--- Material provided ---
********

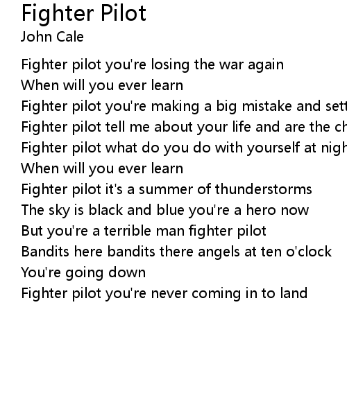 | Fighter pilot you're never coming in to land |
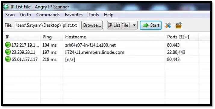 Angry IP Scanner: Angry IP Scanner is an open-source and cross-platform port scan tool. Angry IP scanner simply pings each IP address to check if it's alive, then optionally it is resolving its hostname, determines the MAC address, scans ports, etc. The amount of gathered data about each host can be extended with plugins. Scanning results can be saved to CSV, TXT, XML or IP-Port list files.
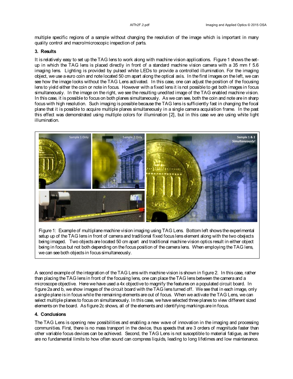 在这种情况下,TAG镜头与机器视觉集成的第二个例子如图2所示,而不是将TAG镜头放在聚焦镜头前面, 人们可以将TAG镜头放置在相机和显微镜目标之间。在这里,我们使用 4x的物镜来放大填充电路板上的特征。在图 2a 和 b 中,我们显示了TAG镜头关闭时电路板的图像。我们看到,在每个图像中,只有一个平面处于焦点位置,而其余元素处于焦点之外。当我们激活TAG镜头时,我们可以选择多个平面同时对焦。在这种情况下,我们选择了三个平面来查看板上不同尺寸的元素。如图 2c 所示,所有的元素和识别标记都处于焦点位置。

********

--- Work request ---
Skip the pictures, please, and transcribe only the lines from the beginning of the material through the one that contains "Angry IP Scanner: Angry".

--- Output of the exercise ---
 | Fighter pilot you're never coming in to land |
 Angry IP Scanner: Angry IP Scanner is an open-source and cross-platform port scan tool. Angry IP scanner simply pings each IP address to check if it's alive, then optionally it is resolving its hostname, determines the MAC address, scans ports, etc. The amount of gathered data about each host can be extended with plugins. Scanning results can be saved to CSV, TXT, XML or IP-Port list files.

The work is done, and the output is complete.